“Well, Mr. Todd’s letters ought to brace Miss Rockmetteller all right, what?”

“Undoubtedly, sir,” agreed Jeeves.

And, by Jove, they did! They certainly did, by George! What I mean to say is, I was sitting in the apartment one afternoon, about a month after the thing had started, smoking a cigarette and resting the old bean, when the door opened and the voice of Jeeves burst the silence like a bomb.

It wasn’t that he spoke loudly. He has one of those soft, soothing voices that slide through the atmosphere like the note of a far-off sheep. It was what he said made me leap like a young gazelle.

“Miss Rockmetteller!”

And in came a large, solid female.

The situation floored me. I’m not denying it. Hamlet must have felt much as I did when his father’s ghost bobbed up in the fairway. I’d come to look on Rocky’s aunt as such a permanency at her own home that it didn’t seem possible that she could really be here in New York. I stared at her. Then I looked at Jeeves. He was standing there in an attitude of dignified detachment, the chump, when, if ever he should have been rallying round the young master, it was now.

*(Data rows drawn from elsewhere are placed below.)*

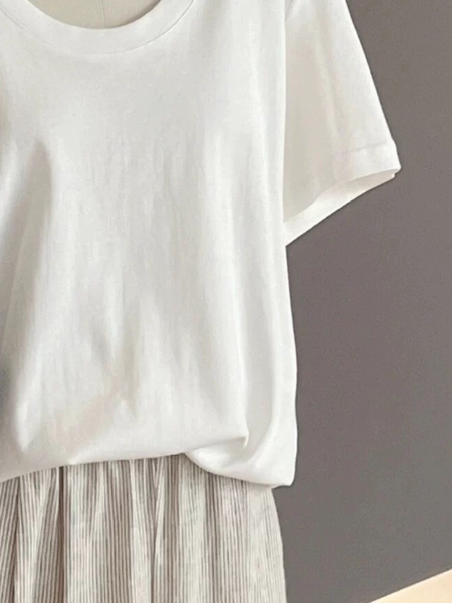 여름 강한 상품이 눈을 감아! 자기 보유 비 D 추천 ~ 대형 U 칼라 화이트 조커 반소매 기본 티셔츠 여성용 탑스토어 가기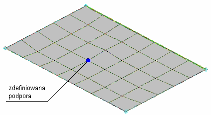 W programie Robot w miejscu definicji zwolnienia liniowego utworzony zostanie przegub. Aby uniknąć niestabilności związanych z tym efektem, należy utworzyć specjalną podporę, w której zablokowany jest jedynie obrót wokół osi prostopadłej do rozpatrywanej płyty. Ta podpora może zostać umieszczona w dowolnym miejscu płyty, pod warunkiem, że nie wpłynie na zmianę rozkładu sił.
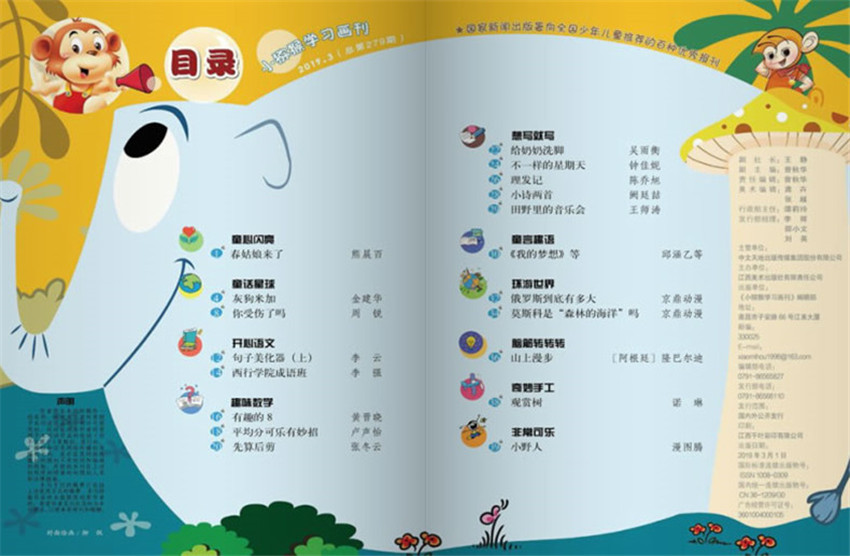 《小獼猴·智力畫(huà)刊》雜志面向小學(xué)低年級(jí)學(xué)生,以“寓教于樂(lè)、寓教于趣”為辦刊特色,圖文并茂,形式多樣、豐富多彩的內(nèi)容有助于小讀者語(yǔ)文、數(shù)學(xué)等學(xué)科的學(xué)習(xí),有助于開(kāi)闊小讀者的視野,使小讀者增長(zhǎng)各方面的知識(shí);下半月版面向小學(xué)高年級(jí)學(xué)生,倡導(dǎo)“快樂(lè)閱讀,開(kāi)心寫(xiě)作”,溫情、有趣、實(shí)用,有助于提高讀者的閱讀能力和寫(xiě)作水平。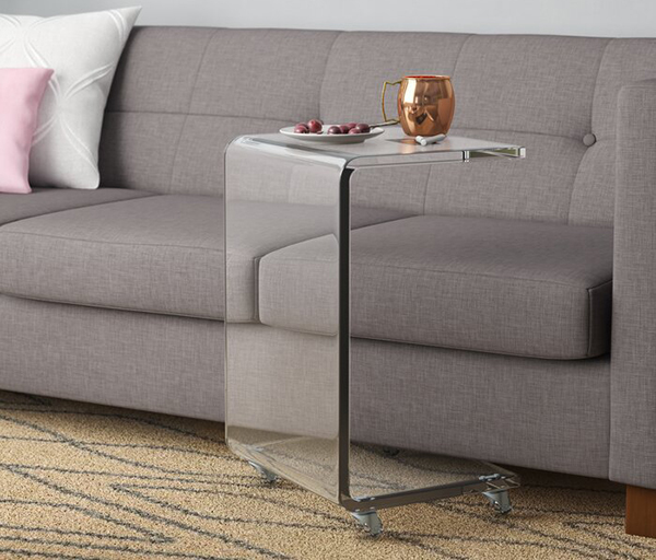 這款星空无限传媒官网邊櫃采用一塊優質的全透明亞(yà)克力材料熱彎而成,熱彎處光(guāng)滑透亮,不變形不泛白沒氣泡。底部安裝四個滑輪,可移動方便實用,可以用在(zài)家裏(lǐ)的每個角落。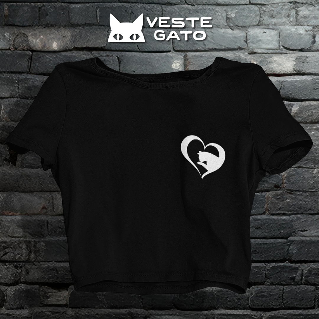 Gato dentro de um coração lambendo a pata — pura ternura.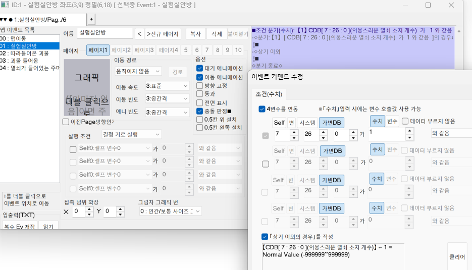 가변 DB 7번(소지 아이템 개수)의 26번 아이템(열쇠)이 1개 있을 때 조건이 성립한다는 뜻입니다.

Rocky’s aunt looked less like an invalid than any one I’ve ever seen, except my Aunt Agatha. She had a good deal of Aunt Agatha about her, as a matter of fact. She looked as if she might be deucedly dangerous if put upon; and something seemed to tell me that she would certainly regard herself as put upon if she ever found out the game which poor old Rocky had been pulling on her.

“Good afternoon,” I managed to say.

“How do you do?” she said. “Mr. Cohan?”